De certo modo, pode-se ponderar que a grande diferença entre as duas formas de atuação da Corte Internacional de Justiça (contenciosa e consultiva) reside no fato de que apenas as decisões oriundas de uma sentença contenciosa são passiveis execução coercitiva do inadimplente.
Diante das constatações acima esposadas, percebe-se que a competência internacional da Corte Internacional de Justiça, seja ela contenciosa ou consultiva, é de suma importância para a tentativa de preservação da harmonia e a garantia da soberania entre os membros da sociedade internacional.
3. COMPOSIÇÃO E BRASILEIROS NA CORTE INTERNACIONAL DE JUSTIÇA
A Corte Internacional de Justiça é composta por indivíduos de notórios e elevados conhecimentos jurídicos acerca da aplicação do direito internacional, assim como possuem reputação ilibada para chegarem a ser indicados para atuarem perante essa jurisdição internacional. De acordo com Hildebrando Accioly e Geraldo Silva[11] a CIJ é composta da seguinte forma:
Compõem-na quinze juízes, ‘eleitos’ – segundo diz o artigo 1º do Estatuto – ‘sem atenção à sua nacionalidade, de entre as pessoas que gozem de alta consideração moral e possuam as condições exigidas em seus respectivos países para o desempenho das mais altas funções judiciárias ou que sejam jurisconsultos de reconhecida competência em direito internacional’. Entre seus membros, não poderão figurar dois nacionais do mesmo Estado.
A eleição dos juízes é feita na mesma ocasião, mas separadamente, pela Assembléia geral e pelo Conselho de Segurança, de uma lista de candidatos apresentados pelos grupos nacionais de árbitros da Corte Permanente de Arbitragem, de Haia, ou, quando se tratar de Membros das Nações Unidas não representados na dita Corte Permanente, por grupos nacionais designados, para esse fim, pelos respectivos governos.
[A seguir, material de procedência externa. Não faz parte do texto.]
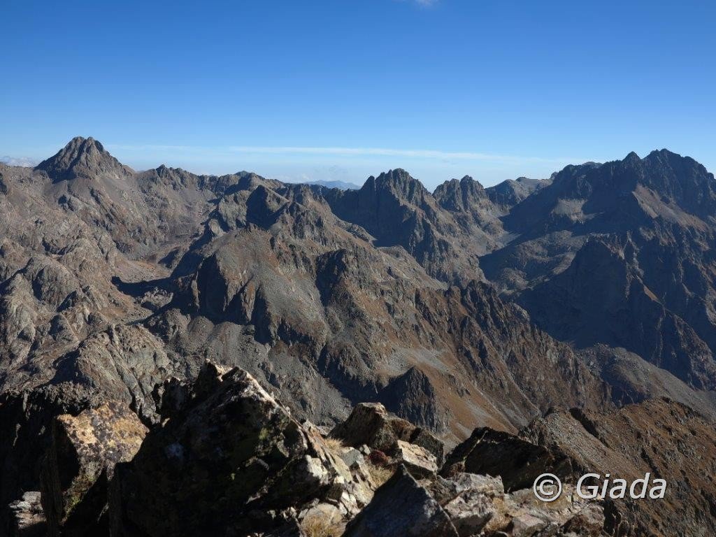 Bellissima vista su Gelas e Maledia, i numerosi laghi e i valloni di Fenestre e Gordolasque.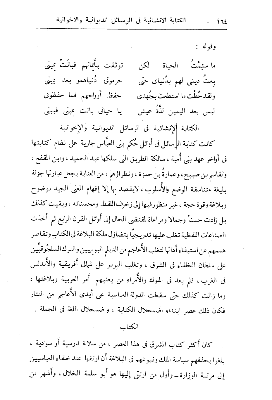 بلغ نفوذه وسلطانه مبلغاً زاحم فيه الخليفة يحيى بن خالد بن برمك وابناه جعفر والفضل، ثم محمد بن الزيات في زمن المعتصم والواثق. وكان كتاب الأندلس والمغرب أكثرهم من سلائل عربية. ومن أشهر كتاب هذا العصر في الشرق ابن المقفع، ويحيى بن خالد بن برمك. وابناه: جعفر والفضل، وإسماعيل بن صبيح، وعمرو بن مسعدة، وأحمد بن يوسف، وابن الزيات. والحسن بن وهب وعلي بن الفرات، وابن مقلة، وابن العميد، والصاحب بن عباد، وأبو بكر الخوارزمي، والبديع، والصابي، والعماد الكاتب، والقاضي الفاضل.

Ocorre, porém, que nem sempre essa eleição representa a realidade dos estudiosos de Direito que deveriam figurar nesse plantel. Isso porque a CIJ encontra-se vinculada ás Nações Unidas e, os países que compõem o Conselho de Segurança Permanente da ONU, possuem grande força política para elegerem representantes de suas nacionalidades. Esta crítica é realizada por Mazzuolli[12] em sua obra, ao afirmar que a rotatividade de membros nem sempre é equânime, pois os membros do Conselho de Segurança sempre acabam por terem cadeira cativa
O sistema de eleição de juízes, contudo, beneficia claramente os países-membros com cadeira permanente no Conselho de Segurança da ONU. Daí sempre estarem presentes à Corte juízes de nacionalidade de cada um desses cinco Estados com assento permanente no Conselho: Estados Unidos, França, Reino Unido, Rússia e China.
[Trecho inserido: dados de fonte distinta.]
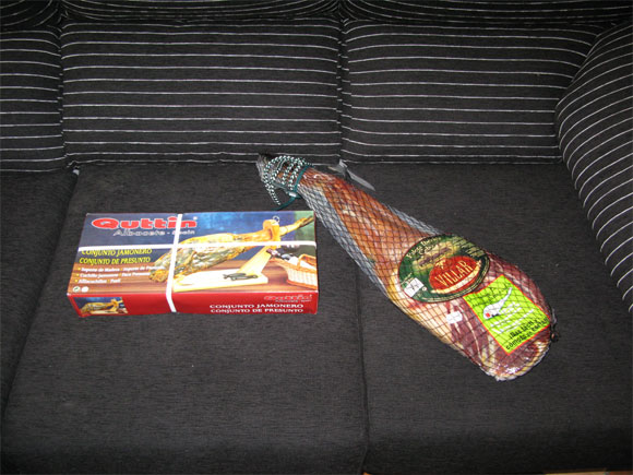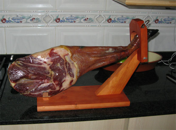 Ладно - купил хамон. Но надо же его как-то есть. Без специальных приспособлений не обойтись, потому что ножка увесистая, жирная, и просто так с ней не совладать. Кроме того, нужен еще специальный ножик - длинный и очень тонкий, чтобы срезать хамон тонюсенькими пластами.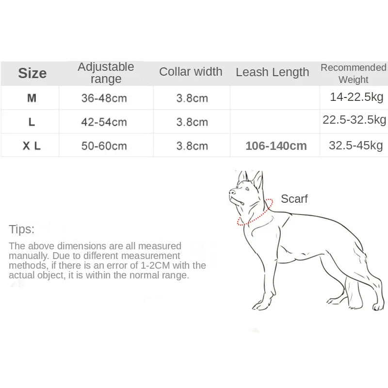 Convient aux chiens de 14 à 35 kg, reportez-vous au tableau des tailles pour sélectionner votre collier.

Apesar dessa situação, o Brasil já conseguiu eleger alguns juízes para comporem o quadro de juízes responsáveis pelos julgamentos perante a Corte Internacional de Justiça, estando um deles em pleno exercício na atualidade, qual seja, Antônio A. Cançado Trindade[13]. Aline Pinheiro[14], em um de seus artigos, publicou a seguinte observação
O Brasil tem conseguido levar juízes para o tribunal. Atualmente, o país se faz presente na corte pelo juiz Cançado Trindade. Por lá, já passam outros quatro juízes brasileiros: José Philadelpho de Barros e Azevedo, Levi Fernandes Carneiro, José Sete-Câmara e Francisco Rezek, que deixou a corte em 2006, depois de cumprir um mandato de nove anos.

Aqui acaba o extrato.